The news that a road toll could be imposed on the 48-year old Runcorn – Widnes Bridge to help pay for a new road crossing over the River Mersey has sparked the imagination of one Audlem resident. Why not re-introduce a toll on the roads through Audlem, imposed on long-distance heavy goods vehicles, to help pay for local services, he asks. If the law allows a toll to imposed on an old bridge in Runcorn, the same could apply in Audlem which once levied a toll on its roads.
Tollgate Drive is obviously the place for the toll gate, recreating history and ideally located to cover both the east – west traffic along the A525 and the north – south trucks on the A529. There is a large verge where the toll office could be located, although careful removal of the daffodils will be required, our bulb loving correspondent suggests. Collecting the tolls would also create new local employment, helping the village fight the recession.

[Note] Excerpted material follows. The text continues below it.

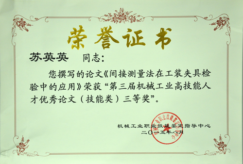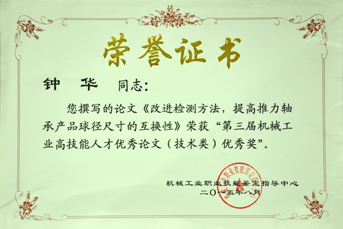 近日,第三屆機械工業(yè)高技能人才優(yōu)秀論文評選工作圓滿結(jié)束。此次評選由機械工業(yè)職業(yè)技能鑒定指導中心主辦,行業(yè)協(xié)會、企業(yè)專家組成的評審專家委員會對140余篇論文進行了專業(yè)評審。公司員工蘇英英撰寫的《間接測量法在工裝夾具檢驗中的應(yīng)用》獲得技能類論文三等獎,鐘華撰寫的《改進檢查方法,提高推力軸承產(chǎn)品球徑尺寸的互換性》獲得技術(shù)類論文優(yōu)秀獎。此外,公司技能鑒定站站長洪麗玲也榮獲機械工業(yè)高技能人才培養(yǎng)優(yōu)秀組織者。

At a modest estimate of 50 trucks a day, and say £5 a truck – no, let's make that £10 for ease of arithmetic, he suggests – that's a total income of £182,500 a year. Subtract £500 for Christmas Day, when the toll can be free as a seasonal gesture, and £15,000 a year each for the five toll collectors that would be required – and that's still a profit of well over £100,000 a year.
Tolls on long-distance HGVs would therefore provide entirely new local jobs, transform the village's finances or, solve the area's biggest problem by persuading the HGVs to find a better, cheaper, alternative route.
The idea has been discussed informally with a number of local residents over the past week – and already volunteers are lining up to be toll collectors. While it's unlikely such a plan could ever get off the ground, the controversial news from Runcorn has certainly sparked off an interesting idea.